Secara klinis kondisi Hipersensitif dentin menyerupai dengan kondisi lain seperti
respon adanya karies, fraktur pada gigi, restorasi yang buruk sehingga menimbulkan pulpitis
reversible. Beberapa hal yang harus dilakukan dalam menentukan diagnosis hipersensitif
dentin yaitu dengan mengevaluasi, menyelidiki dan membandingkan dengan gigi lainnya
serta mengetahui riwayat klinis yang dialmi oleh pasien. Metode klinis sederhana yang
dilakukan dalam mendiagonsis hipersensitif dentin yaitu dengan menghembuskan air atau
udara ringan dari three way syringe, sentuhan ringan dengan menggunakan sonde atau alat
yang terbuat dari logam pada permukaan gigi atau area yang dirasakan pasien sakit atau
ngilu (Mattulada, 2015).
DAFTAR PUSTAKA

Davari, A. R., Ataei, E., Assarzadeh, H., 2013, Dentin Hypersensitivity: Etiology, Diagnosis and
Treatment; A Literature Review, J Dent Shiraz Univ Med Sci,14(3): 136-145.

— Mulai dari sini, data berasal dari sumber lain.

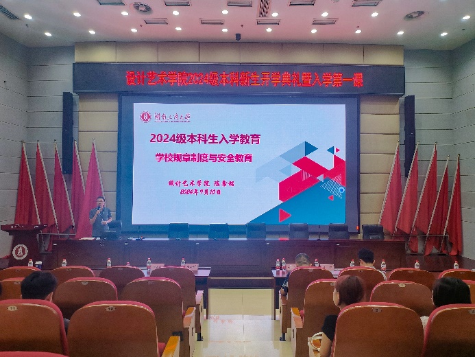 9月10日下午,设计艺术学院在北校区图书馆报告厅隆重举行2024级本科新生开学典礼暨入学第一课。设计艺术学院全体院领导与老师代表出席会议,全体2024级本科新生共同参与,会议由学院学生工作办主任、2024级年级辅导员刘丽老师主持。

Deviyanti, S., 2017, Semen Trikalsium Silikat sebagai Bahan Alternatif untuk Penatalaksanaan
Hipersensitif Dentin (Kajian Pustaka), JITEKGI,13(1):12-16.
Mattulada, I. K., 2015, Penanganan dentin hipersensitif (Management of dentin hypersensitive),
Makassar Dent J, 4(5):148-151.
Nugrohowati, 2006, Iontroforesis untuk Penanganan Noninvasif Dentin Hipersensitif, Edisi
Khusus KPPIKG XIV.
Tjiptoningsih, U. G., 2019, Dentin Hypersensitive Treatment In Class 1 Lower Dental Anterior
Recession Patients, Proceeding Book Bali Dental Science and Exhibition.